**DATASET EXTRACT**

● ● ● ●

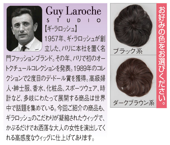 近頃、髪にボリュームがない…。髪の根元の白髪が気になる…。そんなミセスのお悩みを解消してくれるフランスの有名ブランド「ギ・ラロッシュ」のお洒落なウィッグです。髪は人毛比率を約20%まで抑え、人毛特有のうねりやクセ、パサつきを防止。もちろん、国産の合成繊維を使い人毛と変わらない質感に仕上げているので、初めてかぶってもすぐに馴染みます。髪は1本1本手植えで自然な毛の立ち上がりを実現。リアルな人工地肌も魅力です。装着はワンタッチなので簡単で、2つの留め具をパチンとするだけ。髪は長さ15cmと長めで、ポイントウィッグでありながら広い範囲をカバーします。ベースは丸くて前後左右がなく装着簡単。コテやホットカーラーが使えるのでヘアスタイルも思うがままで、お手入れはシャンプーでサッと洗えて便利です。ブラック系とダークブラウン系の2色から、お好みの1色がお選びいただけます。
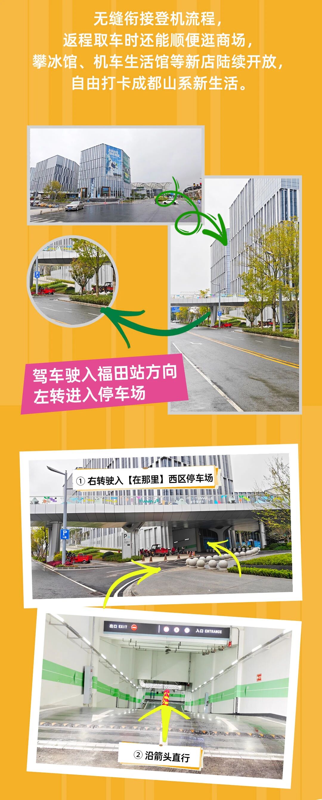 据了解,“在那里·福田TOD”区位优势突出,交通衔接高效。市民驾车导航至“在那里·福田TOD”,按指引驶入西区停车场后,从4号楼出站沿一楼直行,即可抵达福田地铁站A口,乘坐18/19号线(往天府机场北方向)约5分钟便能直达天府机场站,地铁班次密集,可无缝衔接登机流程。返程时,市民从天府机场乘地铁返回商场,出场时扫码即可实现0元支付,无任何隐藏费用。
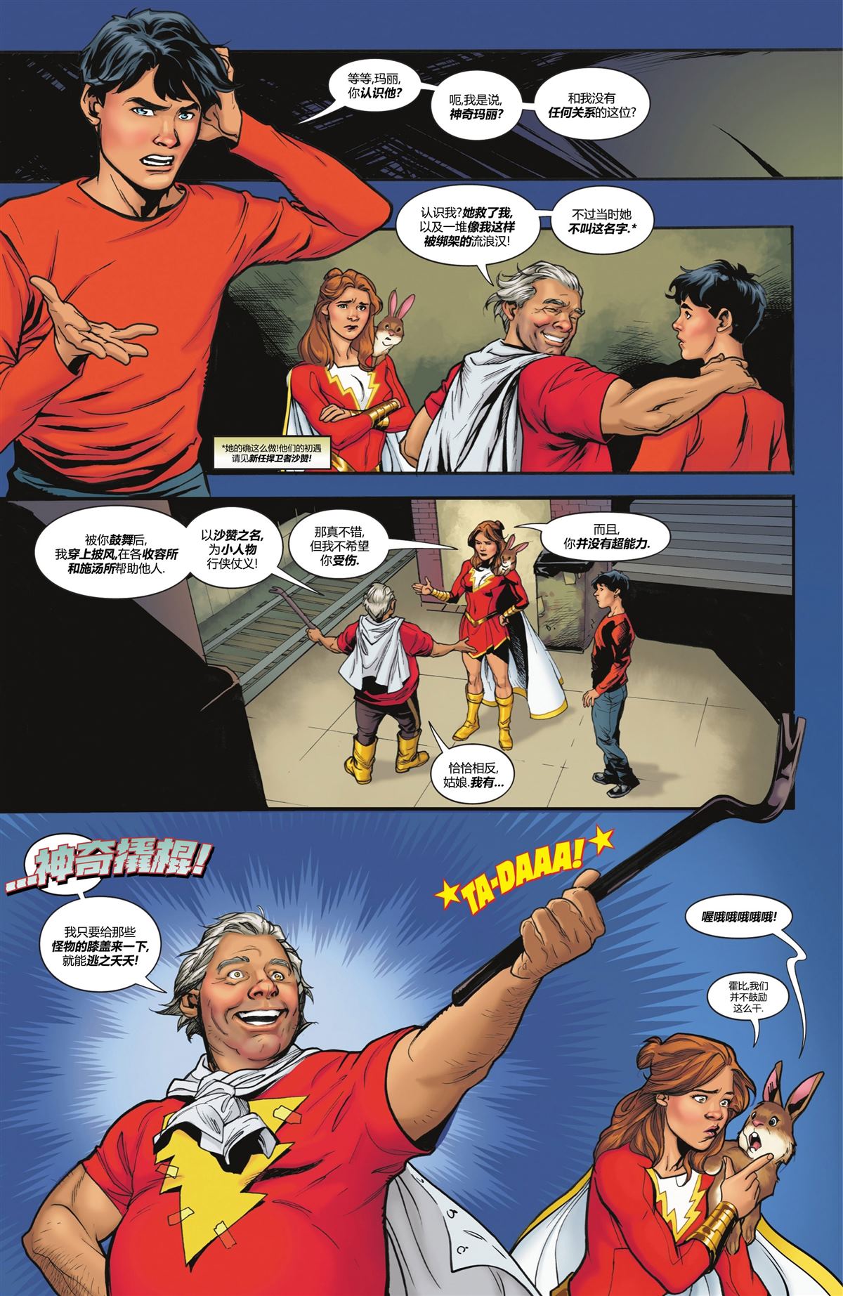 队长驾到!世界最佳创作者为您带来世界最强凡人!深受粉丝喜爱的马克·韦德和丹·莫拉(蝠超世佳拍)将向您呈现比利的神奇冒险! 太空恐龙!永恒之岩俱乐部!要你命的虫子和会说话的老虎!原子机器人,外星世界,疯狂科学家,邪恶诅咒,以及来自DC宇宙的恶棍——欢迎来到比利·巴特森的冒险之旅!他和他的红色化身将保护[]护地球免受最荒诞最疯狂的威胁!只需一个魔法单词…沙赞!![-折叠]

● ● ● ●

Go through the listing above and retype each line exactly, apart from the pictures.

**ANSWER SPACE**
 近頃、髪にボリュームがない…。髪の根元の白髪が気になる…。そんなミセスのお悩みを解消してくれるフランスの有名ブランド「ギ・ラロッシュ」のお洒落なウィッグです。髪は人毛比率を約20%まで抑え、人毛特有のうねりやクセ、パサつきを防止。もちろん、国産の合成繊維を使い人毛と変わらない質感に仕上げているので、初めてかぶってもすぐに馴染みます。髪は1本1本手植えで自然な毛の立ち上がりを実現。リアルな人工地肌も魅力です。装着はワンタッチなので簡単で、2つの留め具をパチンとするだけ。髪は長さ15cmと長めで、ポイントウィッグでありながら広い範囲をカバーします。ベースは丸くて前後左右がなく装着簡単。コテやホットカーラーが使えるのでヘアスタイルも思うがままで、お手入れはシャンプーでサッと洗えて便利です。ブラック系とダークブラウン系の2色から、お好みの1色がお選びいただけます。
 据了解,“在那里·福田TOD”区位优势突出,交通衔接高效。市民驾车导航至“在那里·福田TOD”,按指引驶入西区停车场后,从4号楼出站沿一楼直行,即可抵达福田地铁站A口,乘坐18/19号线(往天府机场北方向)约5分钟便能直达天府机场站,地铁班次密集,可无缝衔接登机流程。返程时,市民从天府机场乘地铁返回商场,出场时扫码即可实现0元支付,无任何隐藏费用。
 队长驾到!世界最佳创作者为您带来世界最强凡人!深受粉丝喜爱的马克·韦德和丹·莫拉(蝠超世佳拍)将向您呈现比利的神奇冒险! 太空恐龙!永恒之岩俱乐部!要你命的虫子和会说话的老虎!原子机器人,外星世界,疯狂科学家,邪恶诅咒,以及来自DC宇宙的恶棍——欢迎来到比利·巴特森的冒险之旅!他和他的红色化身将保护[]护地球免受最荒诞最疯狂的威胁!只需一个魔法单词…沙赞!![-折叠]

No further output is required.